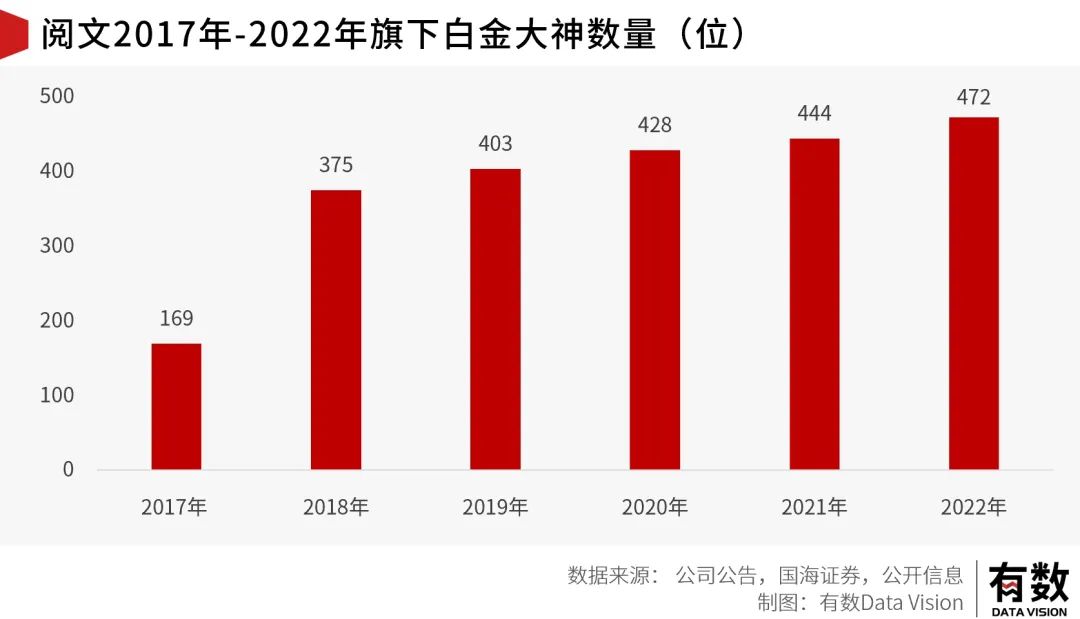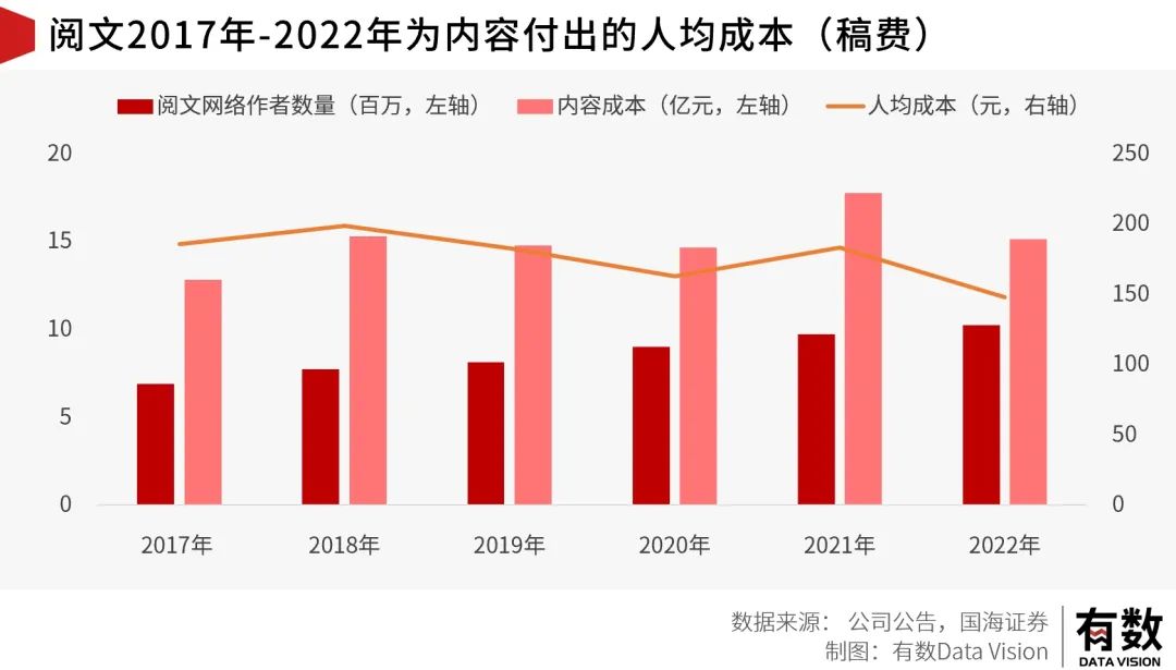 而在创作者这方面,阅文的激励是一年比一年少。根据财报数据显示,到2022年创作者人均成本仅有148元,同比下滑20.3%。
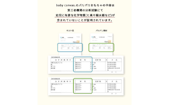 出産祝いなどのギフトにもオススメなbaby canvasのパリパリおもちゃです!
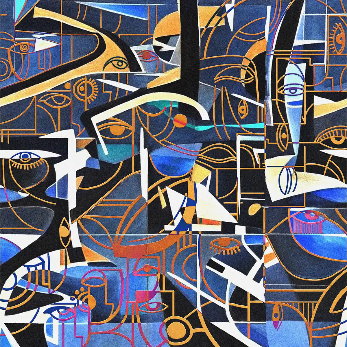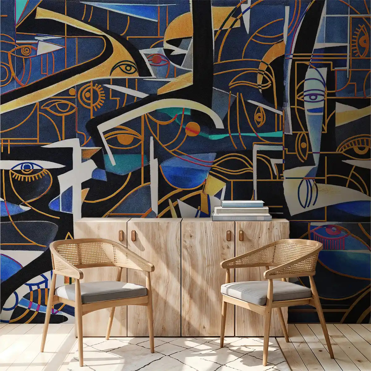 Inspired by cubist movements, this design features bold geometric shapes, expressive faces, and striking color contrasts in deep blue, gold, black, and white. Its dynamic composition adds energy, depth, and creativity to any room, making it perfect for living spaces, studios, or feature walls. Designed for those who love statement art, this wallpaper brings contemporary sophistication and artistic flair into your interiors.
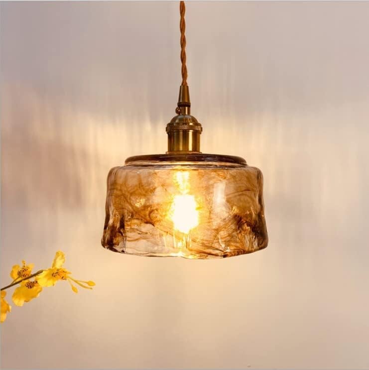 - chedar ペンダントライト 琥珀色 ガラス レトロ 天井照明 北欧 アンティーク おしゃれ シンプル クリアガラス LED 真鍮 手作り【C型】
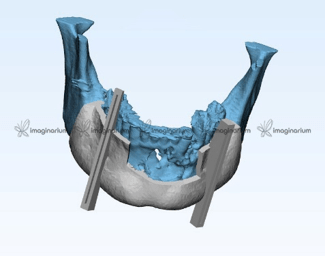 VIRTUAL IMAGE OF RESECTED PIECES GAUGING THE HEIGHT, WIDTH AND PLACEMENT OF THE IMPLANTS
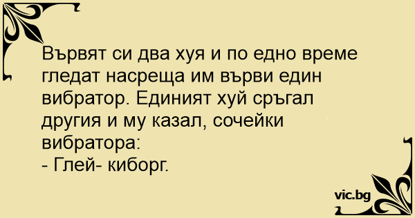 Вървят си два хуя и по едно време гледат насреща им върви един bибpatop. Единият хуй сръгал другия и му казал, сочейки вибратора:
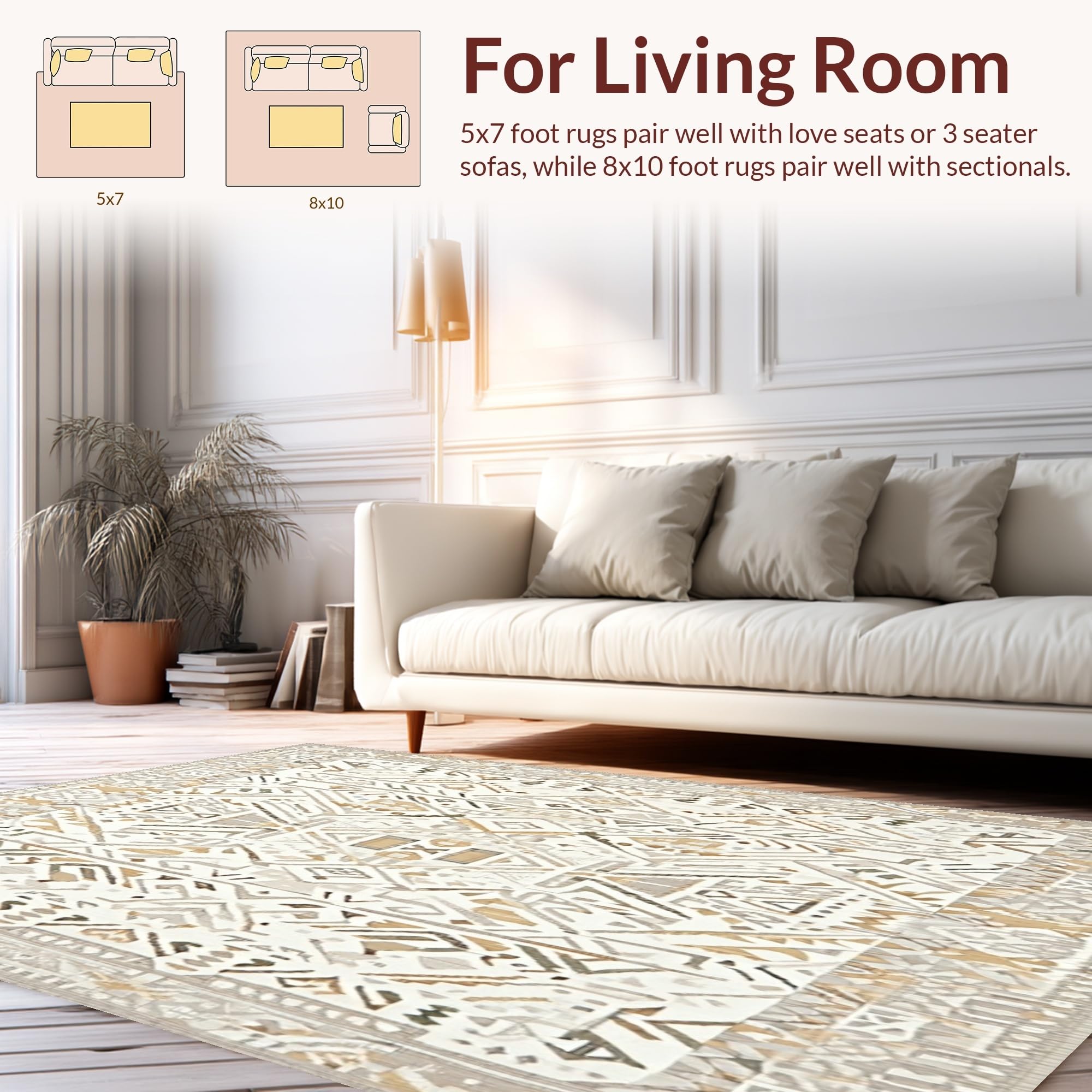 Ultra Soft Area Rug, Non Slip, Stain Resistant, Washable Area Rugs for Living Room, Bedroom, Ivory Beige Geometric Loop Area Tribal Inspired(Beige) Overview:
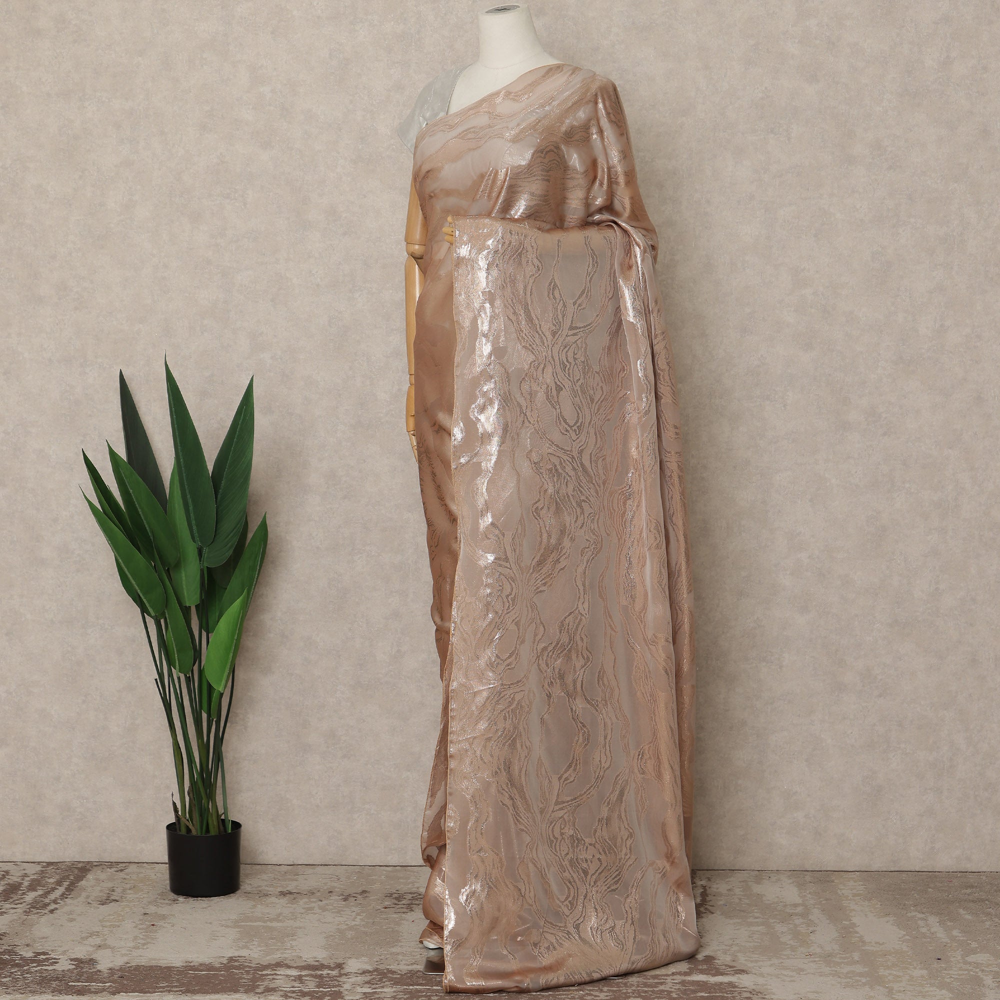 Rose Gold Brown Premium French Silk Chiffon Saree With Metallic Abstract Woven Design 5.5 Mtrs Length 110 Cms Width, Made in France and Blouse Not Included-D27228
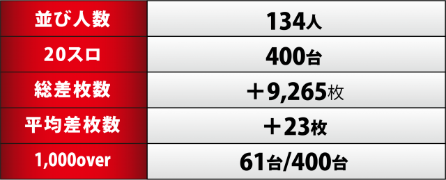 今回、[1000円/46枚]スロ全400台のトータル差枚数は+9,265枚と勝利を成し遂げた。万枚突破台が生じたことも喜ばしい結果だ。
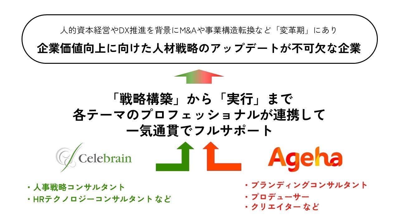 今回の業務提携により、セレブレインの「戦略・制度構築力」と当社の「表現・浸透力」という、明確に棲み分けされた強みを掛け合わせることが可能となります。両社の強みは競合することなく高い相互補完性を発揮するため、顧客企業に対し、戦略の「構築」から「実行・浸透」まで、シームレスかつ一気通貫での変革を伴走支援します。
■ ■ ■ ■
▸ Work instructions: The result should be a verbatim copy of the data, free of pictures.

▸ Reply:
 而在创作者这方面,阅文的激励是一年比一年少。根据财报数据显示,到2022年创作者人均成本仅有148元,同比下滑20.3%。
 出産祝いなどのギフトにもオススメなbaby canvasのパリパリおもちゃです!
 Inspired by cubist movements, this design features bold geometric shapes, expressive faces, and striking color contrasts in deep blue, gold, black, and white. Its dynamic composition adds energy, depth, and creativity to any room, making it perfect for living spaces, studios, or feature walls. Designed for those who love statement art, this wallpaper brings contemporary sophistication and artistic flair into your interiors.
 - chedar ペンダントライト 琥珀色 ガラス レトロ 天井照明 北欧 アンティーク おしゃれ シンプル クリアガラス LED 真鍮 手作り【C型】
 VIRTUAL IMAGE OF RESECTED PIECES GAUGING THE HEIGHT, WIDTH AND PLACEMENT OF THE IMPLANTS
 Вървят си два хуя и по едно време гледат насреща им върви един bибpatop. Единият хуй сръгал другия и му казал, сочейки вибратора:
 Ultra Soft Area Rug, Non Slip, Stain Resistant, Washable Area Rugs for Living Room, Bedroom, Ivory Beige Geometric Loop Area Tribal Inspired(Beige) Overview:
 Rose Gold Brown Premium French Silk Chiffon Saree With Metallic Abstract Woven Design 5.5 Mtrs Length 110 Cms Width, Made in France and Blouse Not Included-D27228
 今回、[1000円/46枚]スロ全400台のトータル差枚数は+9,265枚と勝利を成し遂げた。万枚突破台が生じたことも喜ばしい結果だ。
 今回の業務提携により、セレブレインの「戦略・制度構築力」と当社の「表現・浸透力」という、明確に棲み分けされた強みを掛け合わせることが可能となります。両社の強みは競合することなく高い相互補完性を発揮するため、顧客企業に対し、戦略の「構築」から「実行・浸透」まで、シームレスかつ一気通貫での変革を伴走支援します。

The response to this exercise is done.